Aim of the exercise:
The listing below holds a line with "And the coverage" and a line with "U okviru sezone". Reproduce those two lines exactly, plus everything between them.
[[ Entries provided, beginning ]]
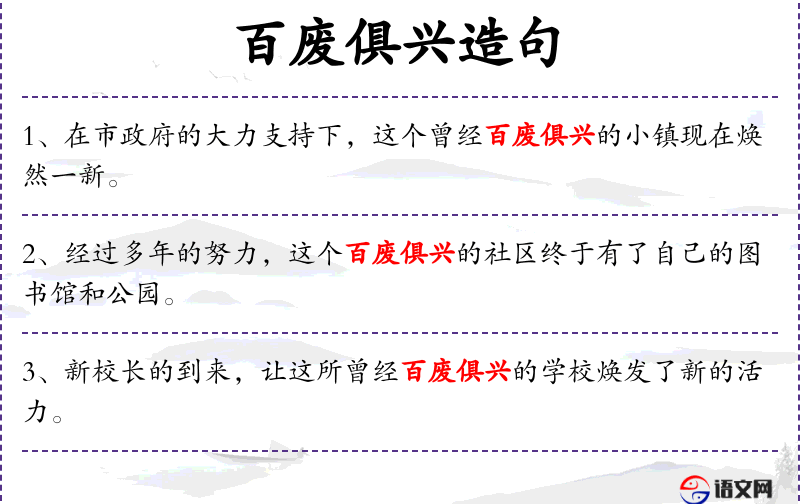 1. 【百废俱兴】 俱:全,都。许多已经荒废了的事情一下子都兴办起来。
[[ Entries provided, end ]]
[[ Entries provided, beginning ]]
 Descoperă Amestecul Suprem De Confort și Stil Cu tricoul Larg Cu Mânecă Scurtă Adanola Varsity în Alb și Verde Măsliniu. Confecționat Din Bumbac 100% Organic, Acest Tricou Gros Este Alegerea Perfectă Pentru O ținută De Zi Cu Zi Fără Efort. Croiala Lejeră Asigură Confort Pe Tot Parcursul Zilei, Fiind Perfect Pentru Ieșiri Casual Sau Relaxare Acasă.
[[ Entries provided, end ]]
[[ Entries provided, beginning ]]
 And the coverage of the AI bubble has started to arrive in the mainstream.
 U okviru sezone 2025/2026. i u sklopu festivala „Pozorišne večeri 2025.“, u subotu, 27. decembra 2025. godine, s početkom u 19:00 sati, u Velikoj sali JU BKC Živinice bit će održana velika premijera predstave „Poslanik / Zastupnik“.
[[ Entries provided, end ]]
Completed task:
 And the coverage of the AI bubble has started to arrive in the mainstream.
 U okviru sezone 2025/2026. i u sklopu festivala „Pozorišne večeri 2025.“, u subotu, 27. decembra 2025. godine, s početkom u 19:00 sati, u Velikoj sali JU BKC Živinice bit će održana velika premijera predstave „Poslanik / Zastupnik“.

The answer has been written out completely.